II. Murad’ın siyasi ve askeri manevraları sayesinde Osmanlı devleti, Anadolu ve Balkanlarda geniş toprakları bulunan, demografik açıdan kozmopolit bir sistem sahibi güçlü devlet niteliğine ulaşır.

          Sultan 1434-1442 yıllarını dışarıda bırakırsak danışmanlarının aksine takip ettiği barışçı politikalar önce Fetret devrinin yarattığı krizlerin izlerini siler. Eş zamanlı olarak devletini merkezi bir devlet yapısına dönüştürmek için önemli adımlar atar. Ne var ki 3 Şubat 1451 günü 48 yaşındayken vefatından önce sultan, merkezi bürokratik bir imparatorluğun oluşumu önündeki tüm engelleri tamamen yıkabilmiş değildi. Merkezi bürokratik imparatorluğa yönelim Sultan Murad han ile başlamıştı. Yıldırım Bayezid Han döneminde iktidarın kapıkulu ve vezir-i azam ikilisi etrafında şekillenmesiyle güçlenmesini sürdürmüş; eş zamanlı olarak merkezkaç güçlerin eli hükümet karşısında giderek zayıflama sürecine girmişti. 1451’ gelindiğinde ilginç bir tablo yürürlükteydi: Köklü bir Türkmen ailenin çocuğu olan Çandarlı Halil Paşa,  iktidara rakip olmasa bile onu engelleyebilecek Türkmen beylerinin temsilcisi olarak dengeleri yakından izliyor ve sadrazamlık mührünü elinde tutuyordu.
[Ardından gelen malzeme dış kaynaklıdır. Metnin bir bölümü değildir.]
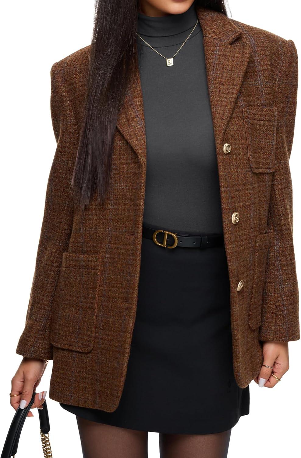 REORIA Womens Wool Blend Turtleneck Long Sleeve Basic Bodysuit Tops Fall Clothes(Mocha Mousse)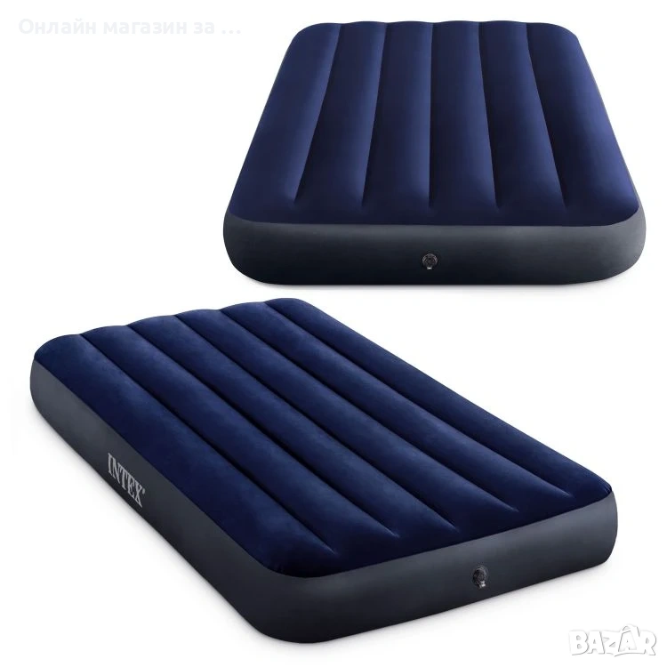 Кадифеният матрак INTEX с размери 191x99x25 cm е идеален за 1 човек. Изработен е от здрав PVC, а горната част е покрита с приятен на допир водоустойчив кадифен материал. Цялостният приятен син цвят ще пасне на всеки интериор. Бостънският вентил ще ви позволи да изпуснете въздуха за минута, след което да сгънете матрака и да го приберете в гардероба.

O’nu bir an dışarda tutarsak, merkezileşmeye muhalif irsî ve yarı feodal bir yapının temsilcisi kitleler, sınırlarda uç beyleri olarak varlıklarını devam ettirmekteydiler.     

                Merkezileşmenin sosyo-kültürel yansımaları da bu dönemde kendini hissettirir. Arabistan, Türkistan ve Kırım’dan gelen aralarında Molla Gürâni, Alâeddin Tusi, Alâeddin Semarkandi, Acem Sinan gibi değerli bilgin ve sanatkârlar sayesinde Anadolu’nun kültürel yaşamı canlanır. Zeyniyye, Bayramiyye ve Mevleviyye gibi tasavvuf akımları toplumsal yaşam biçimine eklenirler. 1444 yılında Edirne buhranında Hurufiler katledilirlerse de diğer tasavvuf erbabı padişah katında saygı görmeye devam eder. Şüphesiz Sultan Murad II devri, anı itibariyle Osmanlı tarihinin en refah devri olur. Bu refahın kaynağı ise saltanatı boyunca akçenin değeri korunması ve devletin yıllık gelirinin 2.5 milyon altın gibi yüksek meblağlara ulaşmış olmasıdır.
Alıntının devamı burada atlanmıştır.